* _STORED DATA_:

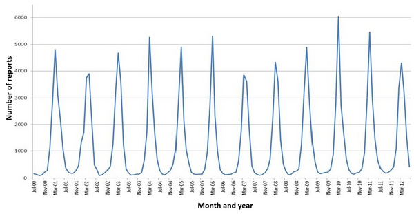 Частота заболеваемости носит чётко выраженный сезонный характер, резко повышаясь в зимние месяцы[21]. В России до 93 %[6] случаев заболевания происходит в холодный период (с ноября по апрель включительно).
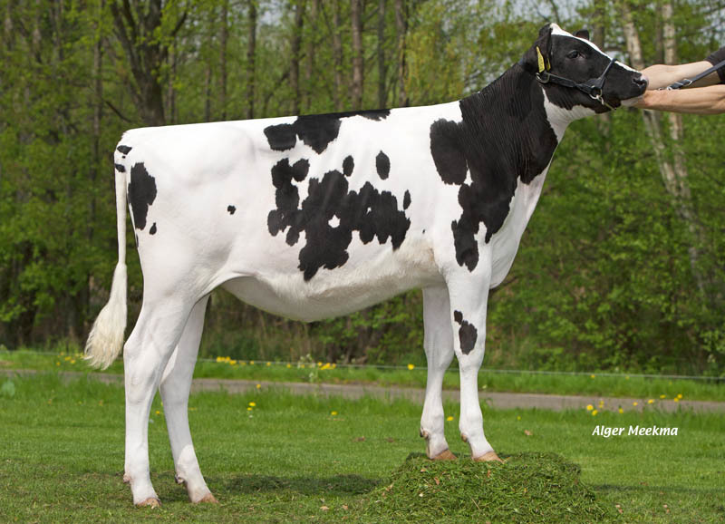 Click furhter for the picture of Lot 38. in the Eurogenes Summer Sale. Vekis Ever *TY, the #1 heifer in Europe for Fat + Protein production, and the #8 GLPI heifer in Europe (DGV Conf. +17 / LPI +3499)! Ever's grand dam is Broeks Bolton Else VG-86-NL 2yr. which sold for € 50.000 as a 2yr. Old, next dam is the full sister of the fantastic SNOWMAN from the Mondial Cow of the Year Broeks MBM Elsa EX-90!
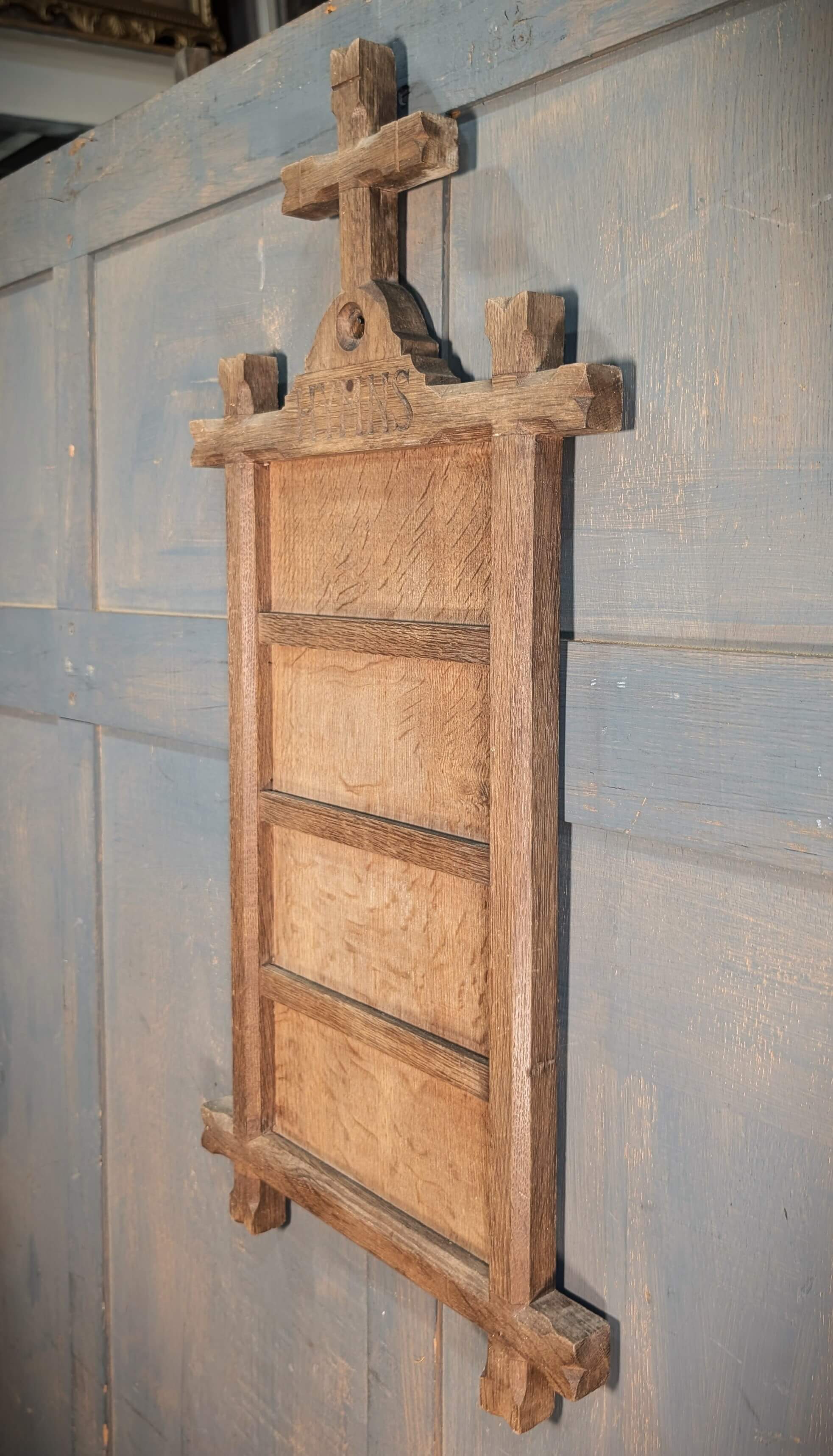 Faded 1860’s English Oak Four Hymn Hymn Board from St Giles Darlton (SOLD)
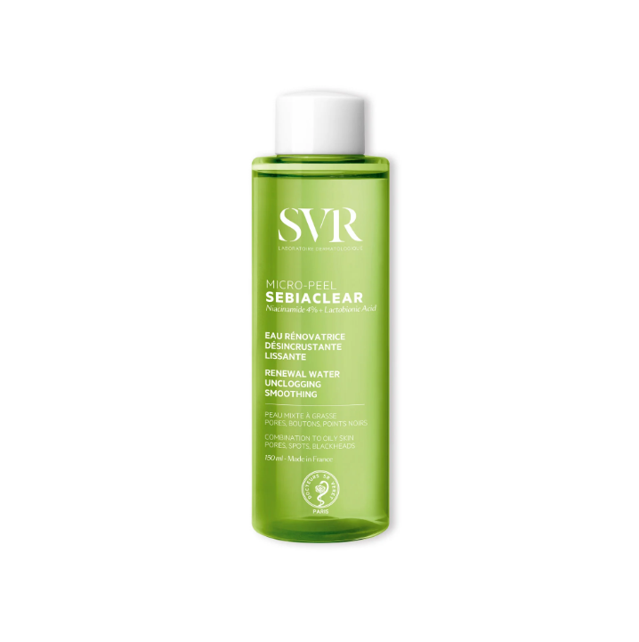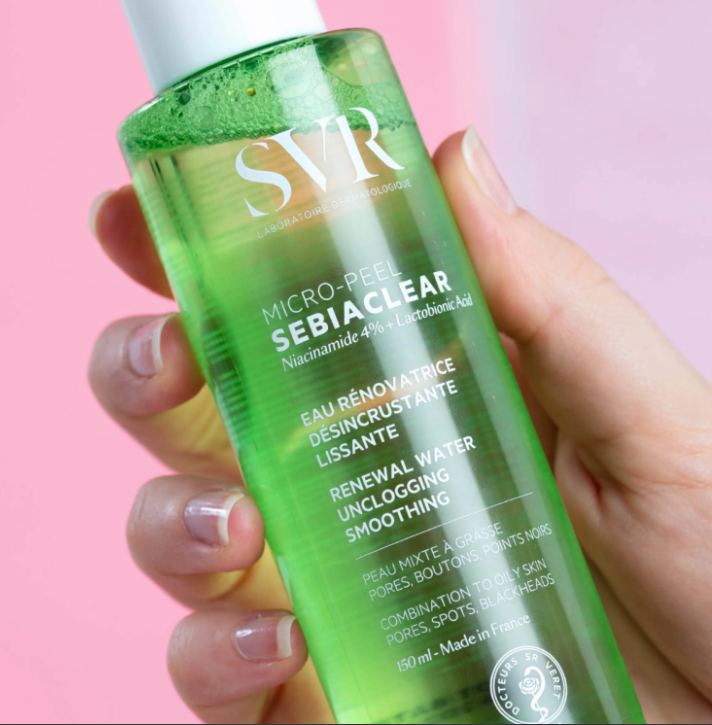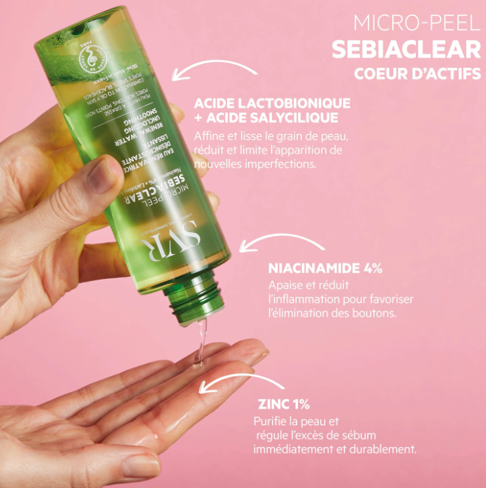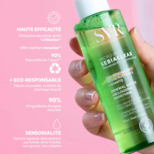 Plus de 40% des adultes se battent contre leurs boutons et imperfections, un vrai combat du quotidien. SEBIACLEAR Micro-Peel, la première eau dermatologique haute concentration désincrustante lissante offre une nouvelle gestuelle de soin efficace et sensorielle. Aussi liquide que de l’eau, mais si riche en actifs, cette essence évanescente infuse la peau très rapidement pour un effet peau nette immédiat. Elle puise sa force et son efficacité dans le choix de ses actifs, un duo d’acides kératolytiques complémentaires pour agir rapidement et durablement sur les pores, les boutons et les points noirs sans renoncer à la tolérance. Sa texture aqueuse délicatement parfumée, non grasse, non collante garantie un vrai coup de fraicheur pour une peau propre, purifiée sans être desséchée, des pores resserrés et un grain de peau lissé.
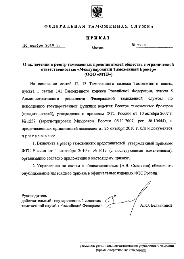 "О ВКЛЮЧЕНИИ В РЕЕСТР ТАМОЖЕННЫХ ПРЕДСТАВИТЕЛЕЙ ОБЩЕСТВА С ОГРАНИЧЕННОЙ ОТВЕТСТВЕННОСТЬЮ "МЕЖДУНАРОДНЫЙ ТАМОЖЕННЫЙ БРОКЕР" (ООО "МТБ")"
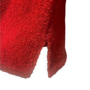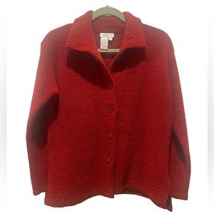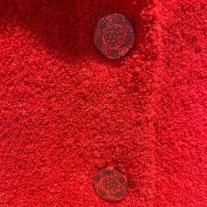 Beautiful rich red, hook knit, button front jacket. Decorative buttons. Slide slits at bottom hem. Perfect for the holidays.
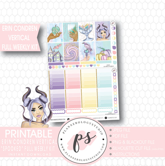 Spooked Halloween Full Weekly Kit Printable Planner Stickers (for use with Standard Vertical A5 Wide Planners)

...

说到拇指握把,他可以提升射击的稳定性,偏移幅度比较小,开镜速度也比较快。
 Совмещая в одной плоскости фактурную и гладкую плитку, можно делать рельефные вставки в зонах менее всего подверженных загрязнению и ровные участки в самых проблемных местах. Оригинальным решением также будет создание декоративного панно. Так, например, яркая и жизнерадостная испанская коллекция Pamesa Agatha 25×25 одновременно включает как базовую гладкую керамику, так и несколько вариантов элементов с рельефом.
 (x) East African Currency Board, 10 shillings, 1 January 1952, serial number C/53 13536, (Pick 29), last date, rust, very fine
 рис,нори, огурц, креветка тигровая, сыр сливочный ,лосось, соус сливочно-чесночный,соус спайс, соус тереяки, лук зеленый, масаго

* _ACTION ITEM_: Within the material above, extract exactly the lines that start at the line containing "Совмещая в одной" and stop after the line containing "рис,нори, огурц, креветка", and only those.

* _TASK OUTPUT_:
 Совмещая в одной плоскости фактурную и гладкую плитку, можно делать рельефные вставки в зонах менее всего подверженных загрязнению и ровные участки в самых проблемных местах. Оригинальным решением также будет создание декоративного панно. Так, например, яркая и жизнерадостная испанская коллекция Pamesa Agatha 25×25 одновременно включает как базовую гладкую керамику, так и несколько вариантов элементов с рельефом.
 (x) East African Currency Board, 10 shillings, 1 January 1952, serial number C/53 13536, (Pick 29), last date, rust, very fine
 рис,нори, огурц, креветка тигровая, сыр сливочный ,лосось, соус сливочно-чесночный,соус спайс, соус тереяки, лук зеленый, масаго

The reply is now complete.